Berikut adalah daftar efek samping yang memungkinkan yang dapat terjadi dari semua bahan-bahan konstitusi Voltaren Tablet. meskipun Ini bukanlah daftar yang komprehensif. Efek-efek samping ini memungkinkan, tetapi tidak selalu terjadi. Beberapa efek sampingnya yaitu sebagai berikut :
  • Merasa pusing
  • Gangguan pada sistem pencernaan
  • Mual dan muntah
  • Terjadi diare
  • Terjadi sembelit
  • Kepala terasa sakit
  • Kantuk
  • Hidung tersumbat
Jika Anda mengalami efek samping lain yang tidak ada diatas, segeralah hubungi dokter Anda untuk dilakukan pemeriksaan dan mendapat nasihat medis.

Bagaimana Cara Penyimpanannya?

1. Simpan voltaren pada temperatur ruangan, jauhkan dari panas dan cahaya matahari secara langsung.
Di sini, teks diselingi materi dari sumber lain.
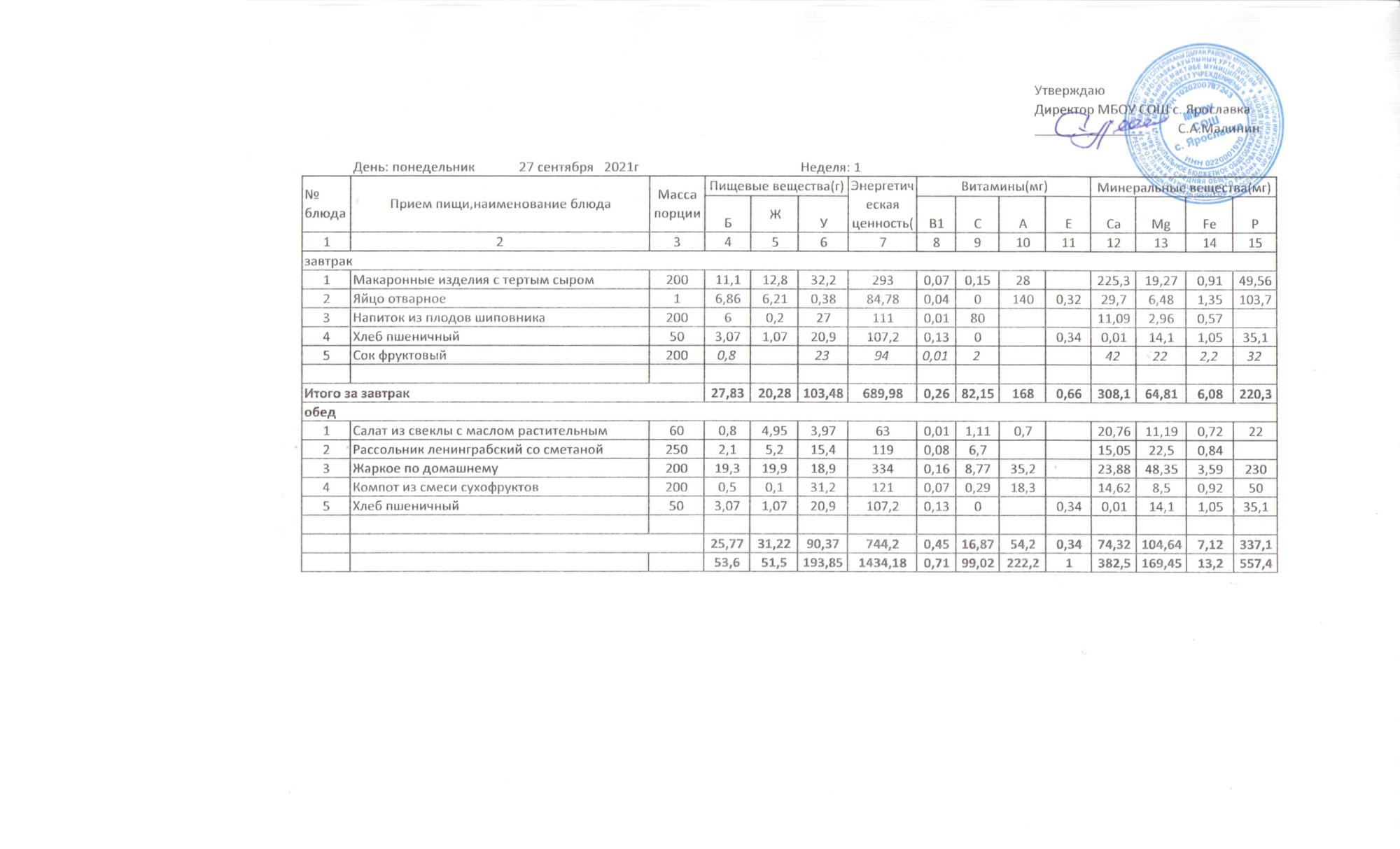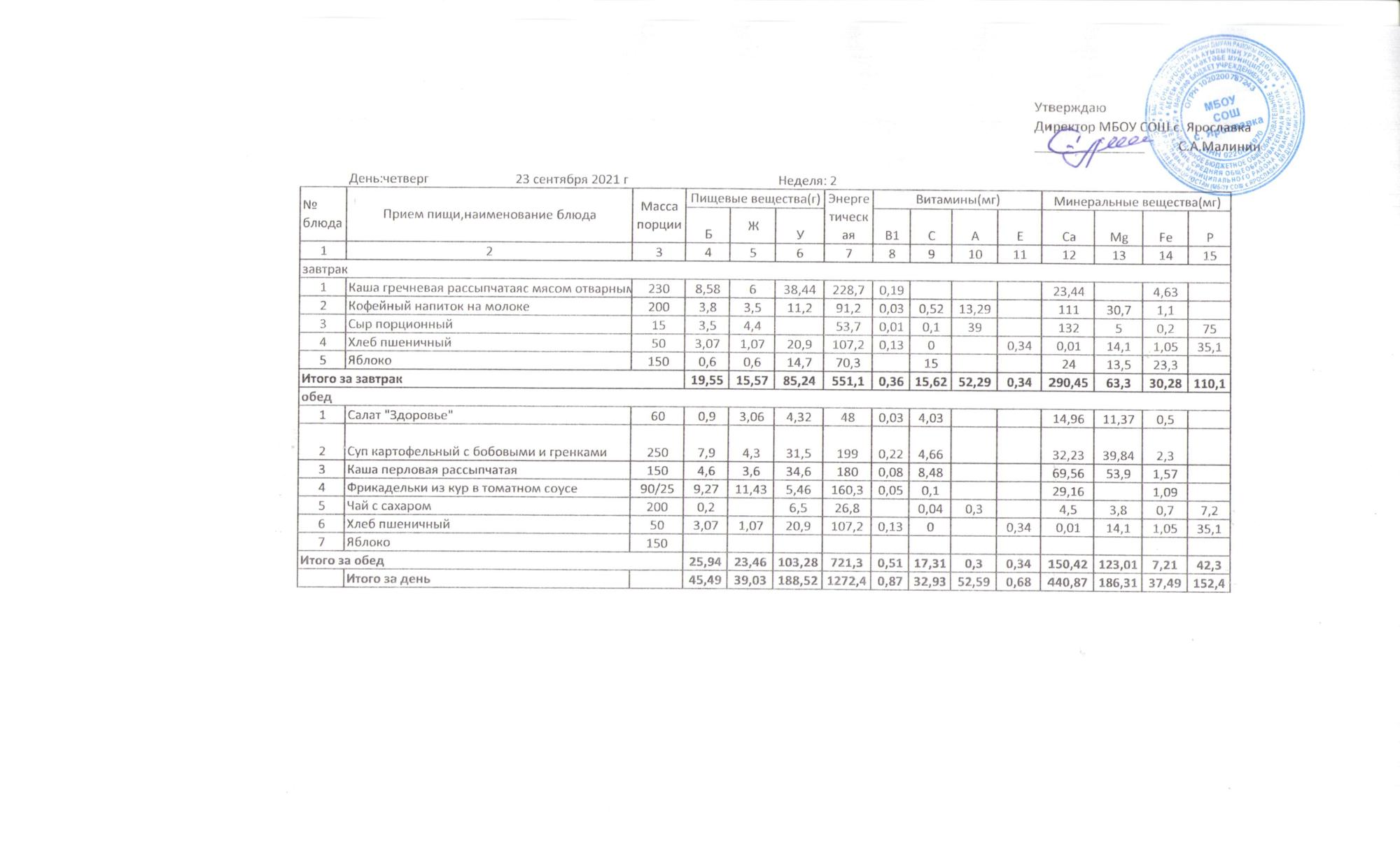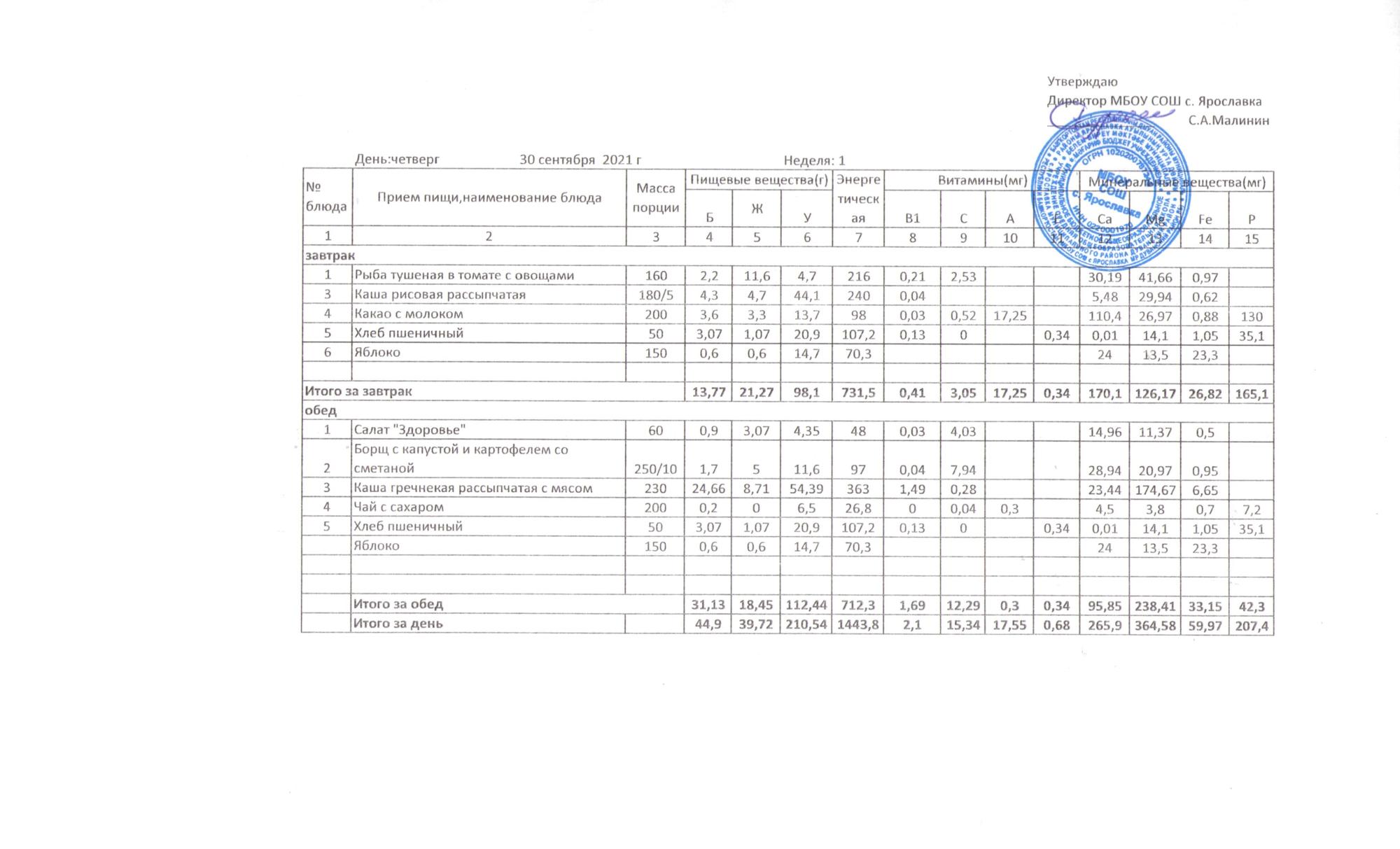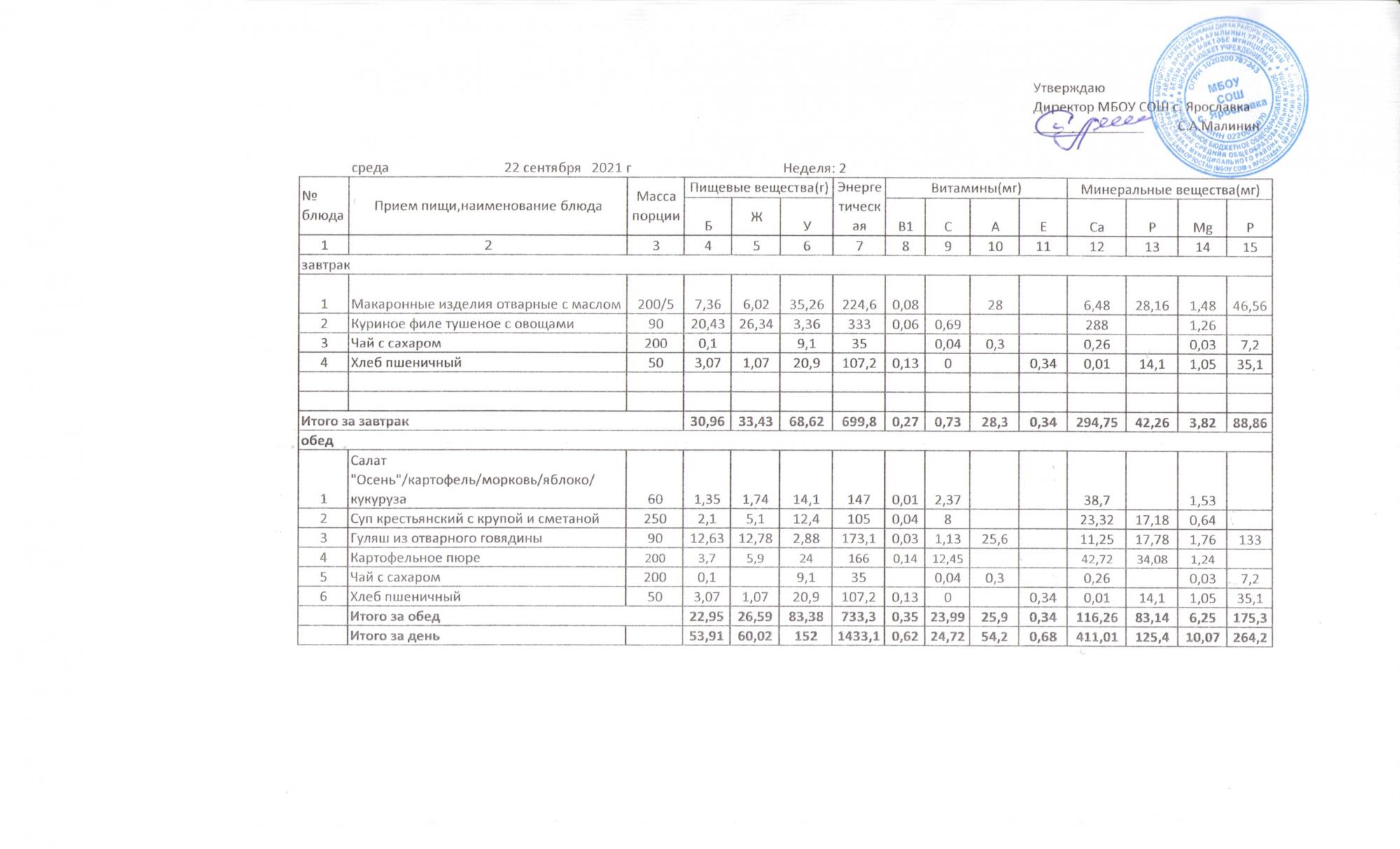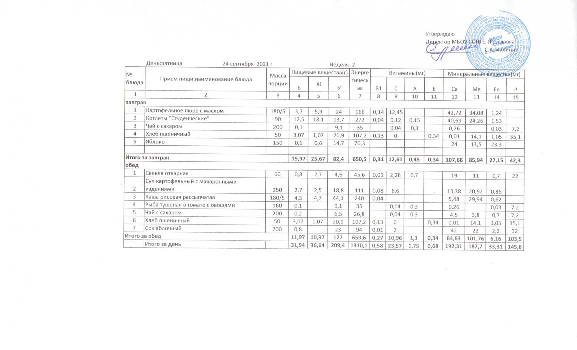 Утвержденные 10-дневные меню

Jangan membekukan obat kecuali diperlukan oleh brosur kemasan. Jauhkan obat dari jangkauan anak-anak dan hewan peliharaan.

2. Jangan pernah membuang obat ke toilet atau menuangkannya ke drainase kecuali diinstruksikan seperti itu, karena jika obat dibuang dengan cara seperti itu dapat mengontaminasi lingkungan.


Nah itulah informasi dari clinicsehat.com pada artikel kali ini, semoga dapat bermanfaat dan menjadi penambah wawasan untuk pengunjung semua tentang obat voltaren.